According to Hyundai, the factory uses autonomous vehicles instead of conveyor belts to move vehicle bodies.

Hyundai expects around 70% of completed vehicles to be shipped by rail via the Georgia Central Railway, and constructed an additional rail siding to handle the volume of autorack cars.

Logistical solutions for the factory are handled by Hyundai GLOVIS EV Logistics America, a subsidiary of Hyundai Glovis, which coordinates the transportation of parts and finished vehicles.

The water tower located at the factory site along I-16 features artwork by students from Savannah College of Art and Design.

Hyundai plans to reach full production of over 500,000 vehicles per year at HMGMA.

==Products==
===Vehicles===
- Hyundai Ioniq 5 (2024–present)
- Hyundai Ioniq 9 (2024–present)
- Kia Sportage Hybrid (2026–present)

== Incidents and concerns ==
===Safety===
A 2024 investigation by Savannah television station WTOC 11 found that during construction of the plant, from April 2023 to July 2024, 53 injuries were reported with 14 of them described as "traumatic"; at least one worker died. The Occupational Safety and Health Administration (OSHA) opened more than a dozen investigations, and multiple subcontractors were sued or fined for safety violations.

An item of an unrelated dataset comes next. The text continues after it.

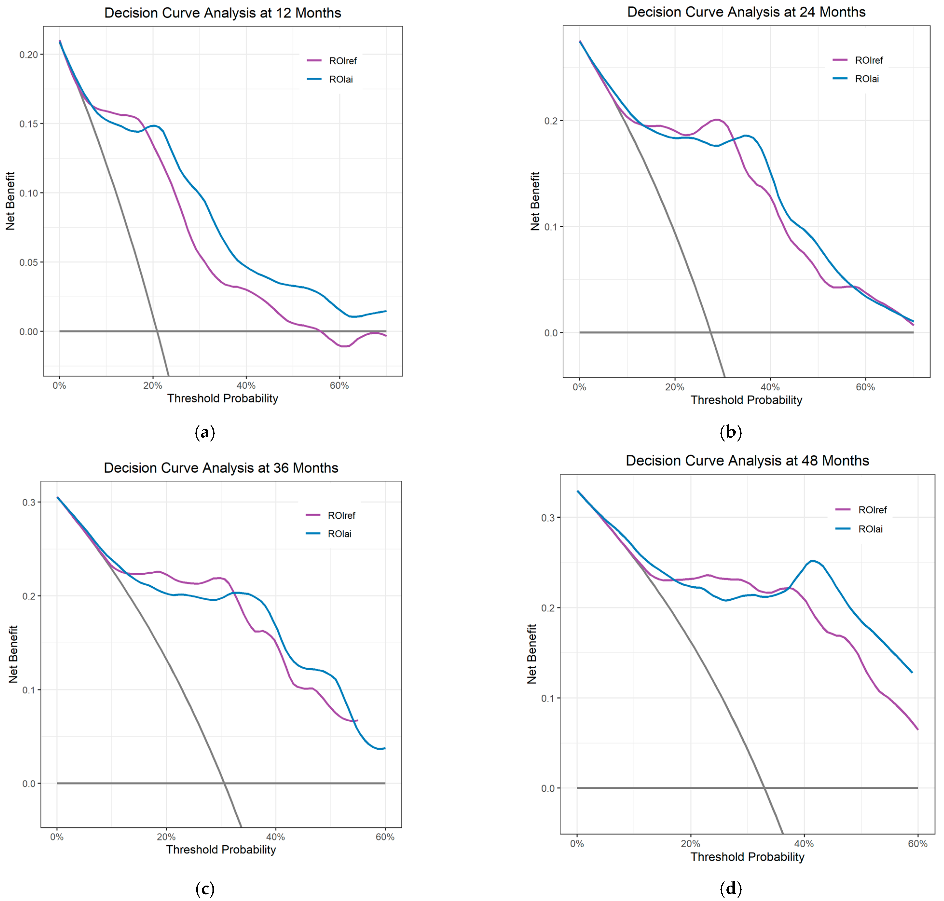 25], which quantified the net benefit of ROIref-based method and ROIai-based method across risk thresholds spanning 12 to 48 months, thereby informing their applicability in clinical decision-making.

In March 2025, a man was killed by a forklift driver, and that May, another worker was crushed to death.

===Water===
In October 2024, the Georgia Environmental Protection Division approved withdrawals of 6.625 e6U.S.gal of water per day from the Floridan aquifer and allowing for the drilling of four new wells in Bulloch County. This is a temporary solution as Bryan County is legally required to implement an alternative water source for HMGMA within 25 years.